Here's a brute force approach, with a possibly-unnecessary detour into complex arithmetic ...
Part 1: The Points
Let the ellipse have major radius $p$, aligned with the $x$ axis, and minor radius $q$, aligned with $y$-axis. Let its center lie at the origin. For any $\theta$, we can find a variable circle tangent to the major and minor auxiliary circles at respective points $P := (p\cos\theta, p\sin\theta)$ and $Q := (-q\cos\theta, -q\sin\theta)$; this circles center is $(P+Q)/2$, and its radius is $(p+q)/2$, so its equation works out to be
$$( 2 x - (p-q)\cos\theta)^2 + (2 y - (p-q)\sin\theta)^2 = ( a + b )^2 \tag{1}$$
We can parameterize a point on the ellipse as $E(\phi) := (a\cos\phi, b\sin\phi)$. Substituting into $(1)$ gives an implicit relation in $\phi$ for the points of intersection of the variable circle and the ellipse. With a little trigonometric massaging, this relation reduces to
$$(p-q)\; \sin\frac{\theta+\phi}{2}\;\left( p \cos\phi \sin\frac{\phi-\theta}{2} + q \sin\phi \cos\frac{\phi-\theta}{2} \right)=0 \tag{2}$$
where we'll reasonably ignore the first factor (so that we're restricting our attention to non-circular ellipses). Observe that
$$\sin\frac{\theta+\phi}{2}= 0 \tag{2a}$$
implies that $\theta+\phi$ is a multiple of $2\pi$; effectively $\phi = -\theta$. This happens to be the point that's left out of the concurrent-normals configuration. The points in the configuration correspond to three solutions of
$$p\cos\phi \sin\frac{\phi - \theta}{2}+ q\sin\phi\cos\frac{\phi-\theta}{2} = 0\tag{$\star$}$$
As-is, this equation may not look much like a cubic in $\phi$, but we can remedy that: dividing-through by the cosines gives
$$0 = p \tan\frac{\phi-\theta}{2} + q \tan 2 \frac{\phi}{2} = p \frac{\tan(\phi/2)-\tan(\theta/2)}{1+\tan(\phi/2)\tan(\theta/2)} + q \frac{2\tan(\phi/2)}{1-\tan^2(\phi/2)}$$
Defining $x_\star := \tan(x/2)$ to reduce clutter, the above becomes our obvious cubic:
$$p \phi_\star^3 - ( p + 2 q )\theta_\star \phi_\star^2 - (p + 2 q) \phi_\star + p \theta_\star = 0 \tag{$\star^\prime$}$$
Part 2: The Lines
Given a point $E(\phi) := ( p\cos\phi, q \sin\phi)$ on the ellipse, Calculus tells us that the line tangent to the ellipse at that point has direction vector $(-p\sin\phi, q\cos\phi)$, so that the normal line at that point has direction vector $n(\phi) := (q\cos\phi, p\sin\phi)$.

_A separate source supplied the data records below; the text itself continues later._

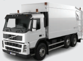
Compactor truck Volvo FM
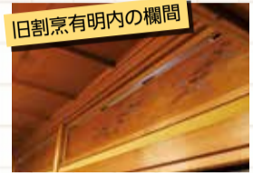
旧割烹有明内の欄間

特に私たちの印象に残ったところは細かいところに風情を感じるような工夫がされてあったところ。原木を加工せずにそのまま柱に使っていたり=写真左=、木材に鳥などが彫られていたり=写真右=、私たちが普段気にしないようなところにさまざまな工夫がされていて心が引かれました。
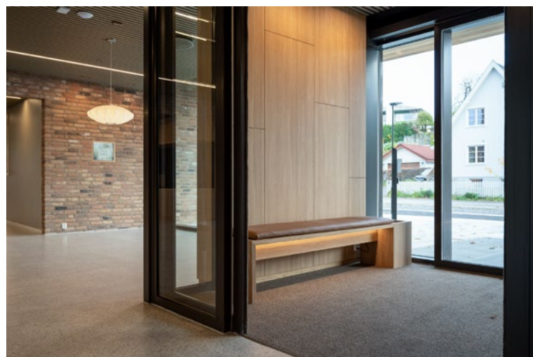
Sittebenken i vindfanget er god å ha.

Det første man møter inne i bygget, etter å ha passert vindfanget med egen sittebenk, er en sentralt plassert gasspeis. Peisflamme kan ses fra hele det store fellesarealet og bidrar til lunhet og hygge. Videre har man en åpen og lav resepsjonsdisk til høyre og en tilsvarende lav kafedisk på venstre side. Et felles designuttrykk med eikespiler, varme bakgrunnsfarger og et vakkert terrazzogulv binder funksjonene sammen. Lave disker gir uttrykk for imøtekommenhet og likeverd. Alle fellesfunksjoner og aktivitetsrom ligger på plan 1 som forbindes av hindringsfrie og åpne gangsoner. Gårdsrommene og de grønne takterrassene er lett tilgjengelige, og de store glasspartiene i fellesarealene gir beboerne mulighet for kontakt med
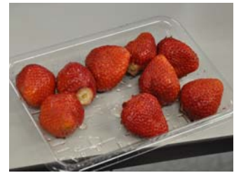
会長からの差し入れ
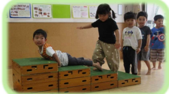
ワニに変身して巧技台を登ったよ！
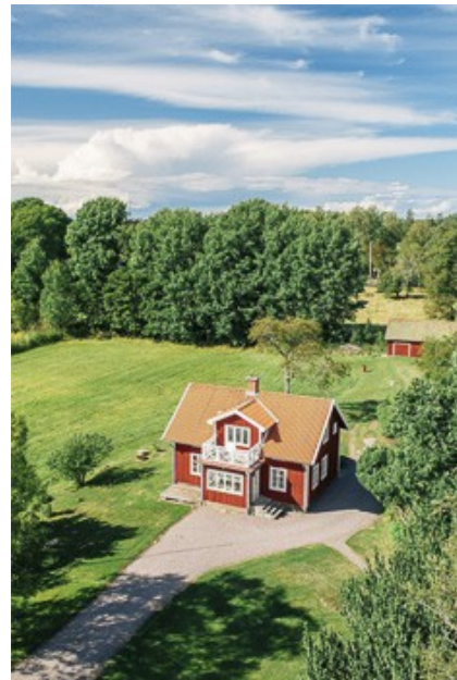
Blick auf das Haus
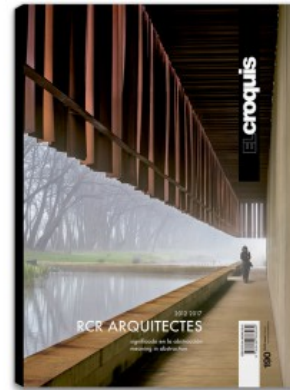
N.190 RCR ARCHITECTS 2012 - 2017 AA.VV. 9788488386960 78,00€
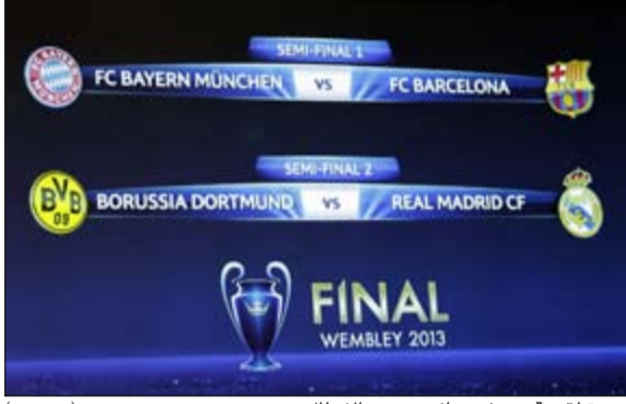
صورة لقرة نصف نهائي دوري الأبطال

أكد مسؤول العلاقات العامة لنادي ريال مدريد الإسباني إيميليو بوتراغينيو أن مواجهة بوروسيا دورتموند الألمانية في الدور قبل النهائي لن تكون سهلة كما يتوقع البعض. والتقى الفريقان في دوري المجموعات، حيث فاز دورتموند على أرضه 2-1، وتعادل الفريقان 2-2 في سانتياغو برنابيو. وقال بوتراغينيو إن جميع الاحتمالات واردة في تلك المواجهة، وأعرب عن إعجابته بمستوى دورتموند، ووصف الفريق الألماني بأنه قوي ويمتلك عقلية خوض المباريات للفوز فقط، وهو ما سيؤدي من صعوبة المواجهة.
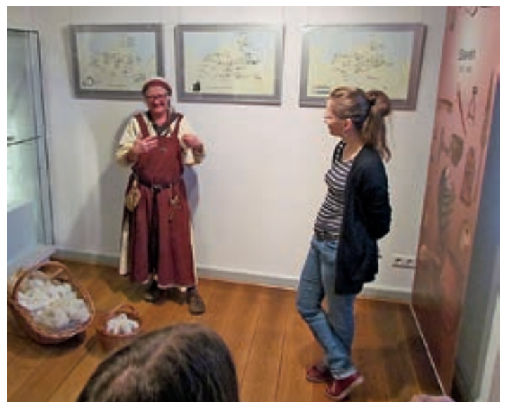
Slawenführung (Urheber: Wendenpferd, eine Rügen-Saga e.V.)

macherey, Bergen auf Rügen) zeigen dabei z.B. den Gebrauch von Handspindeln. Den Besuchern wird somit der Zusammenhang zwischen ausgewählten Objekten in der Vitrine und ihrer einstigen Funktion vorgeführt.
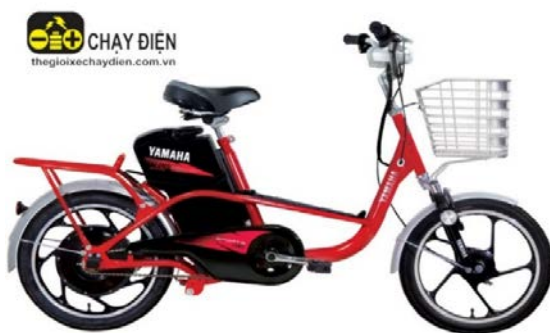
Hình 1. Xe đạp điện hãng Yamaha loại ICATS H1

Thuật ngữ “xe đạp điện” được định nghĩa tại Khoản 1 Điều 3 Thông tư 41/2013/TT-BGTVT quy định về kiểm tra chất lượng an toàn kĩ thuật xe đạp điện do Bộ trưởng Bộ Giao thông Vận tải ban hành như sau: Xe đạp điện là xe đạp hai bánh, được vận hành bằng động cơ điện một chiều hoặc được vận hành cơ cấu đạp chân có trợ lực từ động cơ điện một chiều, có công suất động cơ lớn nhất không lớn hơn 250 W, có vận tốc thiết kế lớn nhất không lớn hơn 25 Km/h và có khối lượng bản thân (bao gồm cả ắc quy) không lớn hơn 40 kg (Ministry of Transport, 2013).
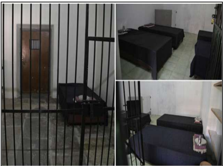
రోజుకు రూ.2 వేలు... హైదరాబాద్ జైల్లో ఒక రోజు ఖైదీగా గడిపే చాన్స్!

ప్రచురణ : జగిత్యాల సంపుటి : 05 సంచిక : 280 పేజీలు : 04 వెల రూ. 2 గురువారం 14 - 05 - 2026
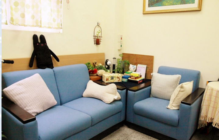
▲校園諮商室空間示意圖。

教育部為了強化大專院校學生輔導工作，增進國民的心理健康。除了根據於民國103年旨在促進與維護學生身心健康及全人發展，並健全學生輔導工作特制定的〈學生輔導法〉，明確規定國高中以下輔導老師、及大專院校臨床/諮商心理師等專業輔導人員及各級學校在輔導工作上的相關程序及規範。更為了協助解決大專校院學生輔導相關事宜，達到加強校際聯絡、建立大專校院學生輔導
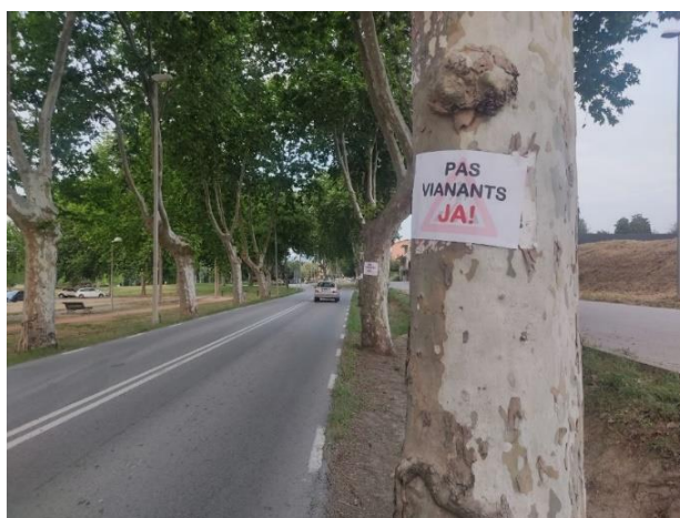
Imatge 11. Cartells que reivindiquen un pas de vianants a l'N-141d a l'extrem de Sant Llàtzer més proper a les Quatre Estacions i Calldetenes

També recentment, les darreres setmanes han aparegut cartells anònims que reivindiquen un pas de vianants a la carretera N-141d, a l'altura on aquesta moció el proposa com a part de l'itinerari (imatge 11).

We can therefore parameterize the normals at points $A := E(\alpha)$, $B := E(\beta)$, $C := E(\gamma)$, by
$$A + a\,n(\alpha) \qquad,\qquad B + b\,n(\beta) \qquad,\qquad C + c\;n(\gamma)$$
Setting pairs of parameterizations equal, we can eliminate $a$, $b$, $c$ to reveal the condition under which the normals have a common point. Again, a little trigonometric massage reduces the condition to a tidy form:
$$\sin(\alpha+\beta) + \sin(\beta+\gamma) + \sin(\gamma+\alpha) = 0 \tag{$\star\star$}$$
A less-tidy form, but one that matches $(\star^\prime)$, comes from expanding $(\star\star)$ in terms of $\alpha_\star := \tan(\alpha/2)$, etc.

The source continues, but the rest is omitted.